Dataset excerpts
****************
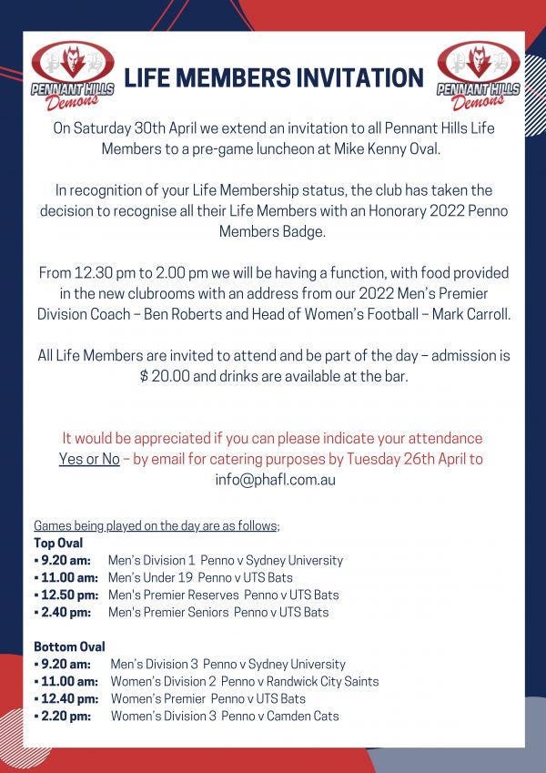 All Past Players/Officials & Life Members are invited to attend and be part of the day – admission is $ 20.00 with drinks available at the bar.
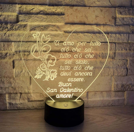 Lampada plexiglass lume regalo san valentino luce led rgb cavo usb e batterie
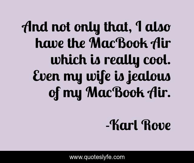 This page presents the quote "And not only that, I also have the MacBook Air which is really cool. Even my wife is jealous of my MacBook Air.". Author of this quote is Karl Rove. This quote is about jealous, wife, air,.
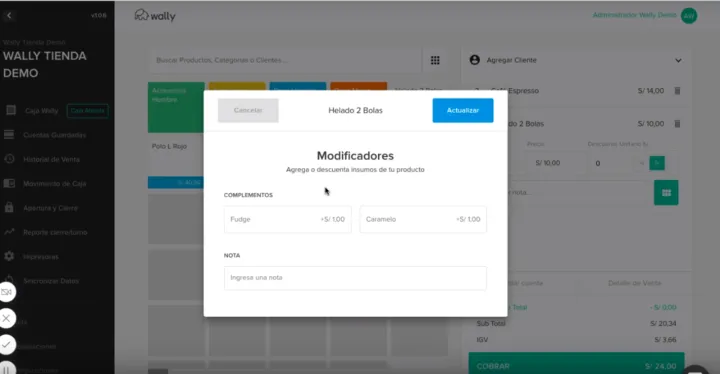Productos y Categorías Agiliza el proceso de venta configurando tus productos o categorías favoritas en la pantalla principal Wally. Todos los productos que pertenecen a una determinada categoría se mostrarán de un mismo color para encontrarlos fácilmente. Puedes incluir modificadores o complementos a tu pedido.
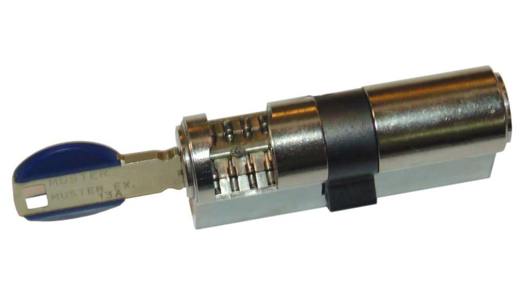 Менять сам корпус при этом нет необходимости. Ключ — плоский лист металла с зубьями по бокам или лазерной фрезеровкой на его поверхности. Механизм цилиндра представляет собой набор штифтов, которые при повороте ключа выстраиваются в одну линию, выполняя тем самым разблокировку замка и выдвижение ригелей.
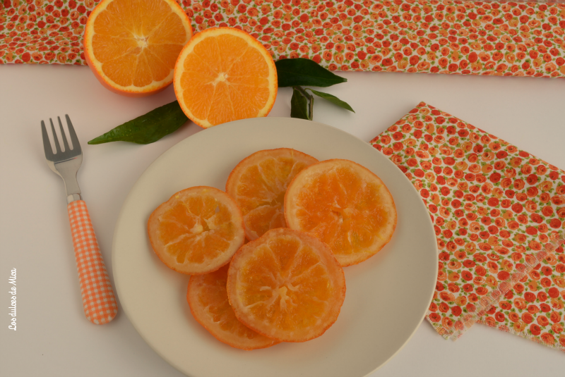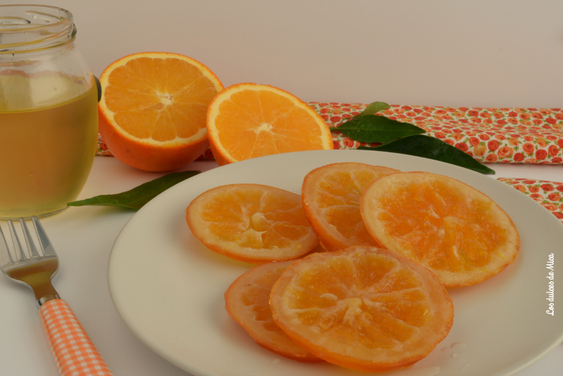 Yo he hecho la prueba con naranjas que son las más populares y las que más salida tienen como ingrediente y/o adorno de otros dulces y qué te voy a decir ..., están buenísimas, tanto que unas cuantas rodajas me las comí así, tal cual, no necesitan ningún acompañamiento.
****************
With the pictures excluded, retype the records above verbatim.

**WRITTEN ANSWER**
 All Past Players/Officials & Life Members are invited to attend and be part of the day – admission is $ 20.00 with drinks available at the bar.
 Lampada plexiglass lume regalo san valentino luce led rgb cavo usb e batterie
 This page presents the quote "And not only that, I also have the MacBook Air which is really cool. Even my wife is jealous of my MacBook Air.". Author of this quote is Karl Rove. This quote is about jealous, wife, air,.
Productos y Categorías Agiliza el proceso de venta configurando tus productos o categorías favoritas en la pantalla principal Wally. Todos los productos que pertenecen a una determinada categoría se mostrarán de un mismo color para encontrarlos fácilmente. Puedes incluir modificadores o complementos a tu pedido.
 Менять сам корпус при этом нет необходимости. Ключ — плоский лист металла с зубьями по бокам или лазерной фрезеровкой на его поверхности. Механизм цилиндра представляет собой набор штифтов, которые при повороте ключа выстраиваются в одну линию, выполняя тем самым разблокировку замка и выдвижение ригелей.
 Yo he hecho la prueba con naranjas que son las más populares y las que más salida tienen como ingrediente y/o adorno de otros dulces y qué te voy a decir ..., están buenísimas, tanto que unas cuantas rodajas me las comí así, tal cual, no necesitan ningún acompañamiento.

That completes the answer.